Key Insight from Recent Work: The NodeStore is a critical performance optimization that caches node data in memory while ensuring consistency with the database. When working with route advertisements or node state changes:

  1. Timing Considerations: Route advertisements need time to propagate from clients to server. Use require.EventuallyWithT() patterns in tests instead of immediate assertions.

  2. Synchronization Points: NodeStore updates happen at specific points like poll.go:420 after Hostinfo changes. Ensure these are maintained when modifying the polling logic.

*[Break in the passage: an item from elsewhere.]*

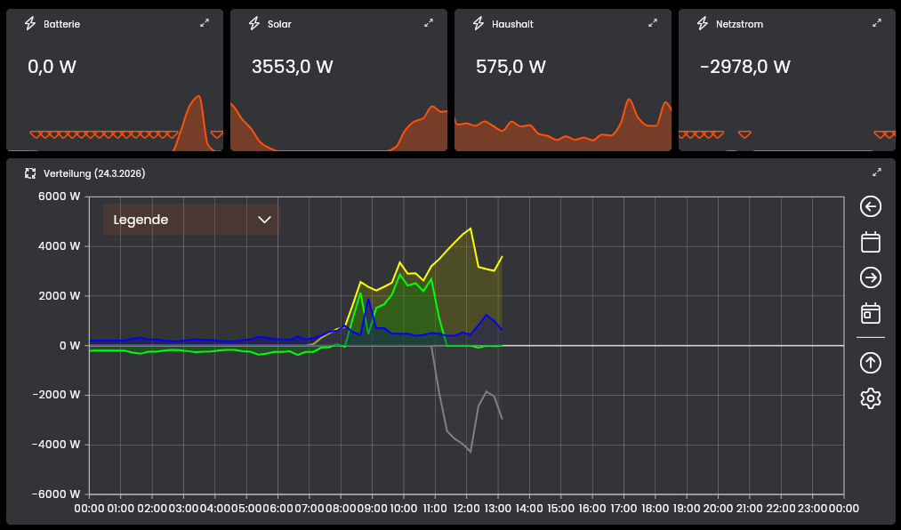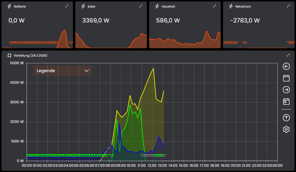 Min = Max = Wert ist drin ist tatsächlich seit einigen Jahren schon der Standard. Da sehe ich also kein Problempotential beim Upgrade zur 9.0. Würden wir das streichen, würde das auch viele Balkengraphen kaputt machen. Stell dir vor, dein Hausverbrauch schwankt zwischen 10 und 10,1 kWh am Tag. Wenn du dann den Graphen mit Nulllinie hast, dann sind alle Balken nahezu gleich groß (aktueller Stand). Wenn ich die Nulllinie rausnehmen würde hätte ich visuell intensive Schwankungen mit unten 10 kWh und oben 10,1 kWh. Das ist natürlich auch korrekt, ist meiner Meinung nach aber definitiv eher verwirrend.

  3. Peer Visibility: The NodeStore's peersFunc determines which nodes are visible to each other. Policy-based filtering is separate from monitoring visibility - expired nodes should remain visible for debugging but marked as expired.

Testing Guidelines

Integration Test Patterns

// Use EventuallyWithT for async operations
require.EventuallyWithT(t, func(c *assert.CollectT) {
    nodes, err := headscale.ListNodes()
    assert.NoError(c, err)
    // Check expected state
}, 10*time.Second, 100*time.Millisecond, "description")

// Node route checking by actual node properties, not array position
var routeNode *v1.Node
for _, node := range nodes {
    if nodeIDStr := fmt.Sprintf("%d", node.GetId()); expectedRoutes[nodeIDStr] != "" {
        routeNode = node
        break
    }
}

Running Problematic Tests

  • Some tests require significant time (e.g., TestNodeOnlineStatus runs for 12 minutes)
  • Infrastructure issues like disk space can cause test failures unrelated to code changes
  • Use --postgres flag when testing database-heavy scenarios

Important Notes

  • Dependencies: Use nix develop for consistent toolchain (Go, buf, protobuf tools, linting)
  • Protocol Buffers: Changes to proto/ require make generate and should be committed separately
  • Code Style: Enforced via golangci-lint with golines (width 88) and gofumpt formatting
  • Database: Supports both SQLite (development) and PostgreSQL (production/testing)
  • Integration Tests: Require Docker and can consume significant disk space
  • Performance: NodeStore optimizations are critical for scale - be careful with changes to state management

Debugging Integration Tests

Test artifacts are preserved in control_logs/TIMESTAMP-ID/ including:

  • Headscale server logs (stderr/stdout)
  • Tailscale client logs and status
  • Database dumps and network captures
  • MapResponse JSON files for protocol debugging

When tests fail, check these artifacts first before assuming code issues.